**Work order**
When you return the lines below, go from the first through the line with "实践团充分发挥工业设计专业优", keep them exact, and leave out every picture.

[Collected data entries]
========

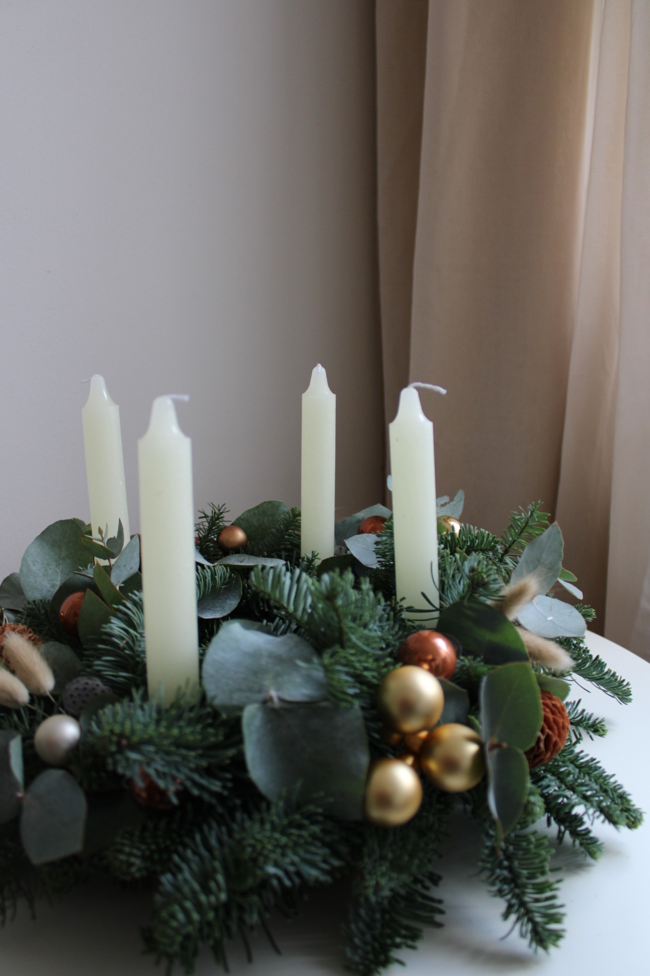 Materiál: Čerstvá jedle Nobilis (neopadavá), eukalyptus, kovové zápichy.
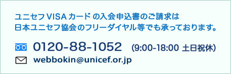 ただいま「ユニセフVISAカード」に新たにご入会いただくと、三井住友カード(株)がおひとりあたり1,000円をユニセフに寄付するキャンペーン「カードでやさしさを届ける運動」を実施しています。
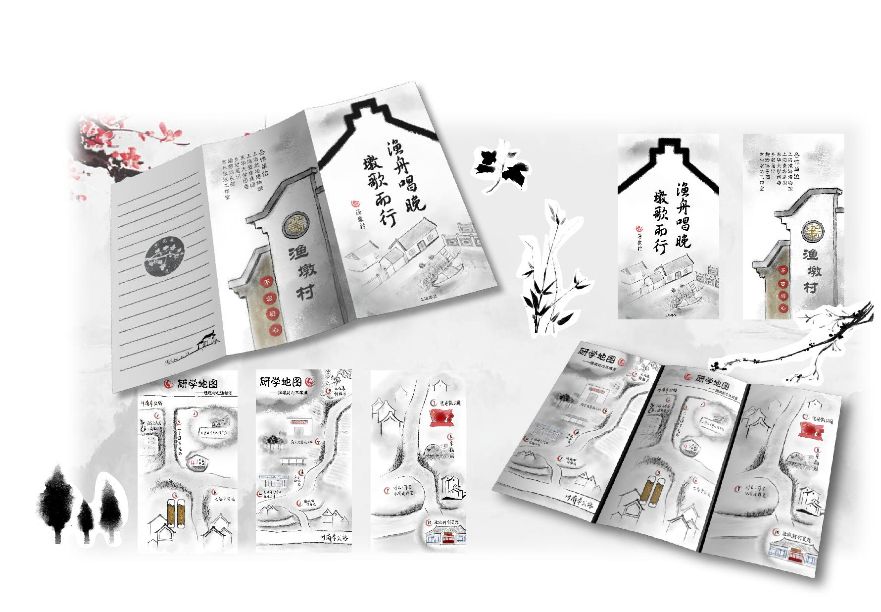 实践团充分发挥工业设计专业优势,设计制作“渔墩×东华”联动系列周边产品,包括丰果、瓦檐等四大系列17类文创总计64个产品,其中有4款农产品与文创设计获作品登记证书,保证作品独立完成性。实践团先后制作渔墩非遗文化视频、文旅宣传片等共计8个视频并投放媒体宣传,同时在微博、抖音、B站、微信公众号设立团队媒体,目前累计浏览量达7万余次。实践团也获得中国共青团杂志、中青校园、成人影视片 等较为权威的官方媒体的多篇报道,并在中国大学生网、搜狐网等总计20家媒体发表37篇宣传报道,助力提升渔墩在奉贤新城的知名度。
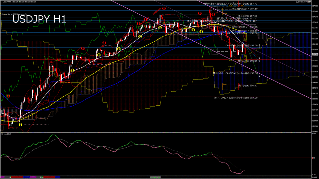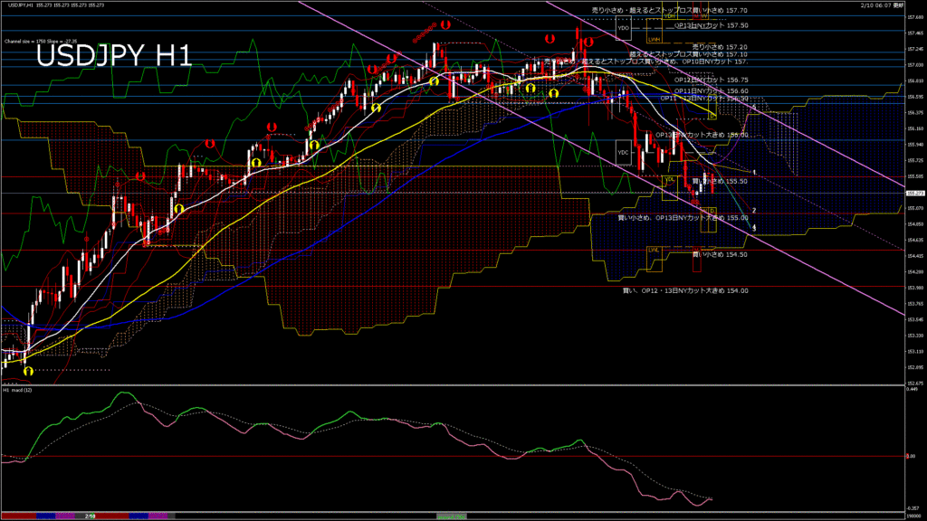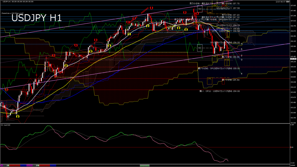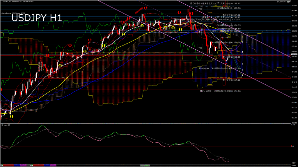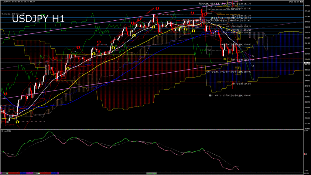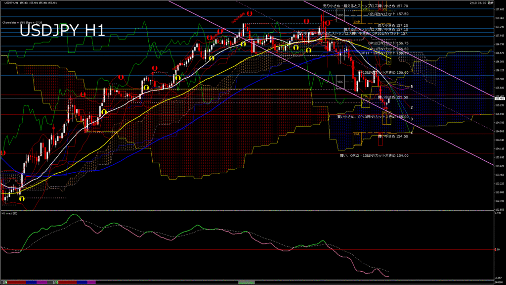 USDJPY-H1移動平均線と現在値(RSI)-2026.2.10 14:00:00
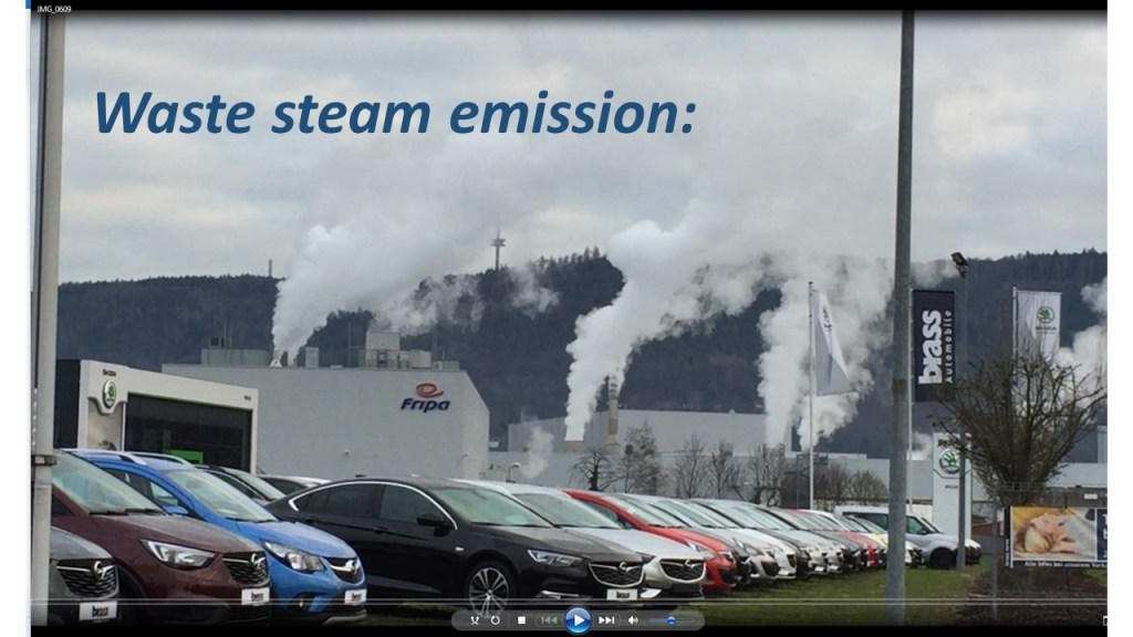 Der Abdampf einer Papierfabrik. Ein Kubikmeter Dampf pro Sekunde entspricht einer thermischen Leistung von 1,6 MW.

========

**Reply**
 Materiál: Čerstvá jedle Nobilis (neopadavá), eukalyptus, kovové zápichy.
 ただいま「ユニセフVISAカード」に新たにご入会いただくと、三井住友カード(株)がおひとりあたり1,000円をユニセフに寄付するキャンペーン「カードでやさしさを届ける運動」を実施しています。
 实践团充分发挥工业设计专业优势,设计制作“渔墩×东华”联动系列周边产品,包括丰果、瓦檐等四大系列17类文创总计64个产品,其中有4款农产品与文创设计获作品登记证书,保证作品独立完成性。实践团先后制作渔墩非遗文化视频、文旅宣传片等共计8个视频并投放媒体宣传,同时在微博、抖音、B站、微信公众号设立团队媒体,目前累计浏览量达7万余次。实践团也获得中国共青团杂志、中青校园、成人影视片 等较为权威的官方媒体的多篇报道,并在中国大学生网、搜狐网等总计20家媒体发表37篇宣传报道,助力提升渔墩在奉贤新城的知名度。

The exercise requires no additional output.